WASHINGTON — Builder confidence in the market for newly built single-family homes rose for the first time in seven months this September, according to the National Association of Home Builders (NAHB)/Wells Fargo Housing Market Index (HMI), released Sept. 16. The HMI gained two points to 18, rising from its record low of the previous two months.
“Builders have several reasons to be more optimistic at this time,” said NAHB President Sandy Dunn, a homebuilder from Point Pleasant, WV. “Many are sensing that home sales are nearing a turning point with the support of the newly enacted first-time home buyer tax credit. Meanwhile, with the government’s explicit backing of Fannie Mae and Freddie Mac now assured, this should help keep mortgage rates at very favorable levels going forward.”
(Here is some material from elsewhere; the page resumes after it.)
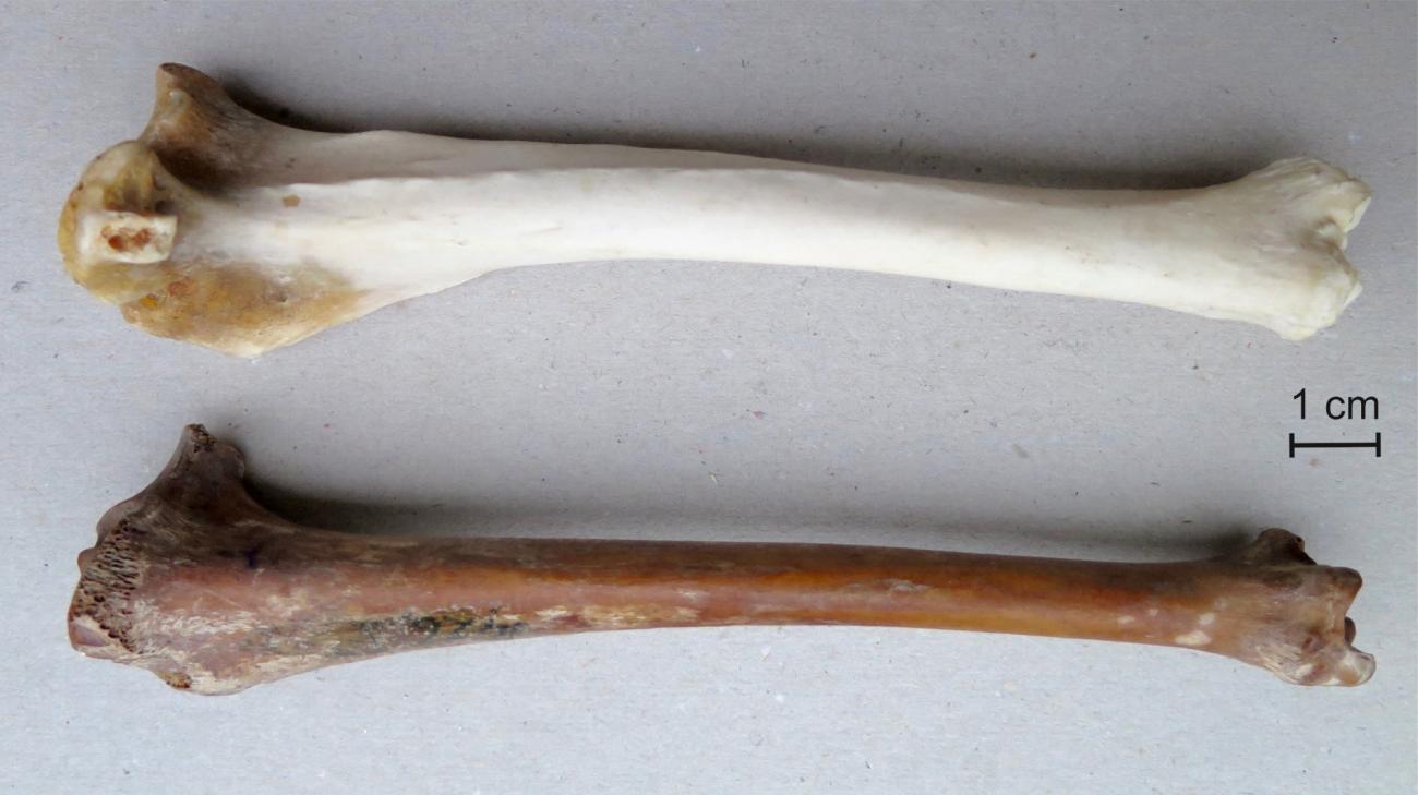 In order to make a reconstruction that was as close as possible to the original flute, sheep tibiae of practically the same dimensions as the Mätäjärvi find were needed. Most sheep breeds kept and slaughtered nowadays are of a much heavier build than medieval ones (Figure 8a). Bones of sheep of old breeds, more closely resembling the find, are not easy to come by. By chance, we had access to two excavated sheep tibiae that were unprovenanced and discarded and close to the shape and dimensions of the Mätäjärvi bone (See Figure 8b). We decided to use them. A disadvantage of these old excavated bones was that both of them – by their stay in the ground – proved to be calcified to such a high degree that it was impossible to use a knife to process them. Instead, a drill and files had to be used. The calcified bone was very solid and polished compared to a fresh bone. Although the manufacturing methods used by a medieval bone flute maker are unknown to us, it is probable that the sheep bone selected for making the flute was not processed fresh, but was cooked first in a broth to extract the edible marrow. The bone hardens when cooked, though not as hard as a calcified bone, and absorbs some fat from the marrow, effecting in a smooth surface. Therefore, the differences between the original material and the material we used may not be as big as one might initially think. Moreover, the material of the flute should not have a significant effect on the sound of the instrument, as it is mainly the size and shape of the vibrating air column that determine the pitch and timbre.

Following the Treasury Department’s announcement that it was placing mortgage giants Fannie Mae and Freddie Mac into conservatorship last week, the average rate on 30-year fixed-rate conforming home mortgages declined by nearly half a percentage point, falling to below 6% for the first time in several months. Market responses to the Lehman Brothers bankruptcy filing and the purchase of Merrill Lynch by Bank of America have put additional downward pressure on prime conforming mortgage rates.
“Nearly half of the builders in our September survey indicated that they expect to see a positive impact from the tax credit in their market areas,” said NAHB Chief Economist David Seiders. “Of those respondents, 20% said their market has already experienced some of this effect. Meanwhile, consumer confidence has risen and more households are saying that now is a good time to buy a home. All of these factors, along with the recent downward movements in mortgage rates, suggest that new-home sales will be stabilizing in the final quarter of the year.”